Cerclage wires combined with a neutralization plate are mainly used for long oblique fractures.
Note: Cerclage wires should only be used for fragments with a long contact zone to the main fragment. Wires with eyelet tightening offer a greater guarantee of stability than those tightened with twist.
The positioning and approach depend on the fracture location.
For more proximal fractures, a lateral approach with the patient positioned in lateral recumbency is preferred.
For more distal fractures, medial approach with the patient positioned in dorsal recumbency is preferred.
The fracture is reduced with reduction forceps. The reduction is temporarily fixed with one or two pointed reduction forceps.
The fracture is stabilized with at least two cerclage wires.
Note: Care should be taken to place the twists/loops in the wire away from the site where the plate is to be applied.
Read more about cerclage wire application.
A plate with a neutralization function is used. The plate can either be a locking compression plate (LCP) or a dynamic compression plate (DCP).

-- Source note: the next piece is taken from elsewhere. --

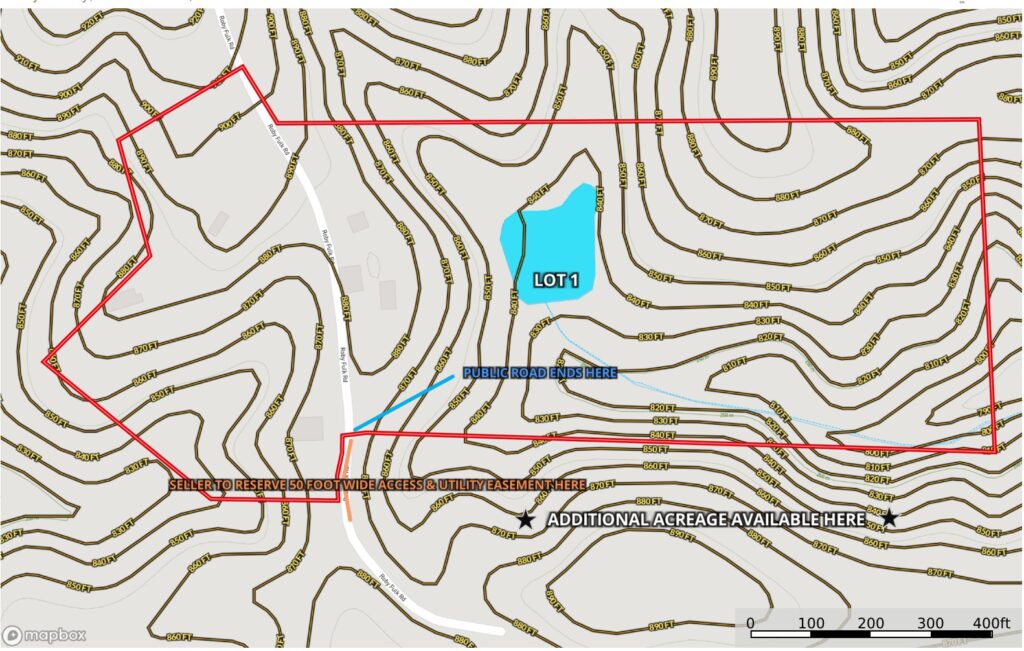 From US Highway 52 at Pinnacle Exit 29, take Perch Road south 3.6 miles, turn left on Roby Fulk Road and destination will be at dead-end in 1.0 mile. Use interactive map (link above) from your smartphone in order to navigate the lot with the Land ID App. You must download the LandID (free) app on your smartphone in order to see yourself on the map

The longest possible plate, considering soft tissue trauma and the approach, should be chosen. The plate's length should allow the placement of at least 3-4 screws in each major fragment.
Note: If using an LCP, contouring does not have to be as exact as when using a DCP.
Read more about plate preparation.
Following contouring, the plate is applied to the lateral surface for more proximal fractures or the medial surface for more distal fractures.
Two screws, one in the proximal fragment and one in the distal fragment, are inserted to ensure optimal alignment of the plate over the length of the bone.
The first four screws are inserted alternatingly (one proximal, one distal) to fix the alignment.
The remaining screws are inserted according to the surgeon's preference.
All screws should be in either locking or neutral position.
Note: Cortical screws should be inserted prior to possible locking screws.
Approximately 6–9-month-old domestic long-haired feral cat with lame right thoracic limb following unknown trauma.
The 12-A2 fracture was fixed with double loop cerclage wires and a 9-hole 2.0 mm LCP used as a neutralization plate.
Follow-up radiographs six weeks after surgery show a healed fracture.
The aim is to reduce edema, inflammation, and pain.
Integrative medical therapies, anti-inflammatory medication, and analgesics are recommended.
Note: Animals carry 2/3 of their weight on the front limb. Therefore, leash confinement or cage rest and no jumping are recommended for six weeks postoperatively.
The aim is to resolve hematoma and edema, control pain, and prevent muscle contracture.
Anti-inflammatory and analgesic medications may still be needed. Rehabilitation and integrative medical therapies can be used.
A careful evaluation is recommended if the dog does not start to use the limb within a few days after surgery.
Early ambulation is aimed for.
Radial nerve neurapraxia may occur in some cases. This neurapraxia usually resolves within a few days.
10-14 days after surgery, the sutures are removed.
Radiographic assessment is performed every 4–8 weeks until bone healing is confirmed.
Note: It can be challenging to assess bone union on radiographs when bone healing occurs without callus formation.